Tomo como comunidade todos os profissionais envolvidos no processo educativo, bem como os grupos familiares dos quais as crianças e adolescentes fazem parte, passando, por exemplo, pelos aparatos de transporte e de deslocamento dos estudantes. Ou seja, todos os elos de contatos que se fazem presentes nessa complexa rede que no mundo atual envolve o processo educativo escolar. Aqui começa, talvez, nossa primeira e maior dificuldade: a construção de um projeto comum.

Em nossa cultura de orientação patriarcal temos muita resistência - ou seria incompetência - em construirmos e desenvolvermos projetos comuns em todas as dimensões de nossas vidas. Somos analfabetos(as) em projetos comuns, solidários e cooperativos e, por outro lado, especialistas em projetos individuais e competitivos. Enquanto os projetos comuns e colaborativos se orientam pela promoção da solidariedade e da generosidade, os projetos competitivos se caracterizam pela busca de soluções individuais, competitivas e, consequentemente, de negação do outro. Isso é um fato, e, como dizia o educador Antonio Cândido (1918-2017): contra fato não há argumento.

Um primeiro ponto que precisa ser considerado na volta às aulas é que esse retorno precisa ser unificado entre as escolas públicas e as escolas privadas.
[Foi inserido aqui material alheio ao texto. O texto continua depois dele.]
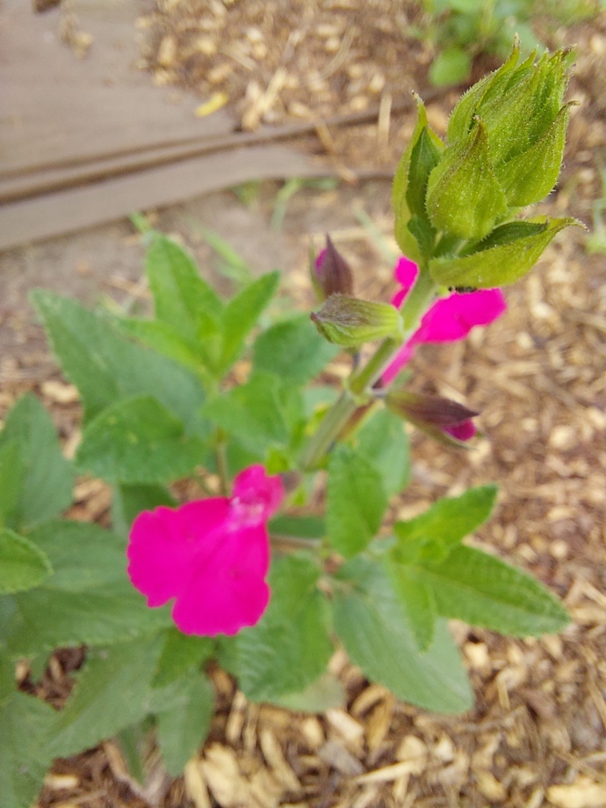 J'y cultive les plantes méditerranéennes (romarin, thyms, l'Immortelle Corse, lavande...), les plantes aromatiques (sarriette des montagnes, mélisse citronnée, des verveines, des agastaches, de la tagète, de nombreuses variétés de menthes (parmi elles ma chouchoute la menthe bergamote), sauge officinale...) des petits fruits (framboisiers, cassissiers, myrtilliers); une roseraie ancienne de Damas, Gallica et Moussus; sans oublier les fleurs comestibles (zinnias, violettes, oxalis, capucine, différentes variétés de sauges, échinacée, monarde...).
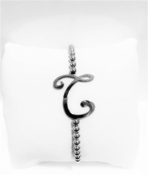 VENERIO ARGENTO 925 Bracciale della collezione What's your name Boules d'argento montate su elastico con lettera T centrale in lastra piatta. Dimensione del centrale cm h2.5x2 circa

Afinal, todas as crianças são crianças. Tão simples isso que chega a parecer redundante. Mas não é. Vamos a um exemplo. É muito comum nos preocuparmos com as crianças de nossas relações familiares, de amizades, etc. Tanto isso é verdade que nos chocamos, sofremos, nos solidarizamos quando alguma criança de nossas relações sofre alguma violência, passa por alguma doença ou, tristemente, vem a falecer. Não há nada de errado nisso. Errado é não nos chocarmos, não nos solidarizarmos, quando o sofrimento é de uma criança que não conheço, que não faz parte de meu círculo de relações. Por isso é preciso repetir: todas as crianças são crianças!

O momento adequado de voltar às aulas será uma decisão muito difícil para toda a comunidade envolvida. A maneira de diminuirmos essa dificuldade passa, em meu entendimento, pela busca, o quanto antes, da construção de um projeto comum de retorno. Um projeto que seja orientado, prioritariamente, pela cooperação, pela colaboração e pela generosidade. Ou isto acontece ou estaremos, mais uma vez, aumentando o grau de exclusão do já enorme contingente de crianças, de adolescentes, enfim, de cidadãos desse injusto país. Ou aprendemos a fazer o exercício de construção de um projeto comum para a educação brasileira ou, então, que aceitemos, que nos resignemos em ser uma das elites mais perversas, insensíveis e estúpidas do planeta.

Essa pandemia do novo coronavírus não tem nada que ver com nossa história de exclusão social. No entanto, ela poderá mostrar, como já vem mostrando, que tipo de sociedade construímos até aqui. Pode nos levar, também, a parar e refletir sobre o que queremos preservar e o que queremos mudar em nossa forma de ser e de estar nesse tão maltratado planeta e nesse tão injusto país chamado Brasil. Um país imenso territorialmente, com uma população de mais de 200 milhões de pessoas, mas refém de uma das elites mais insensíveis que se conhece no mundo. Tão insensível que não consegue entender que todas as crianças são crianças.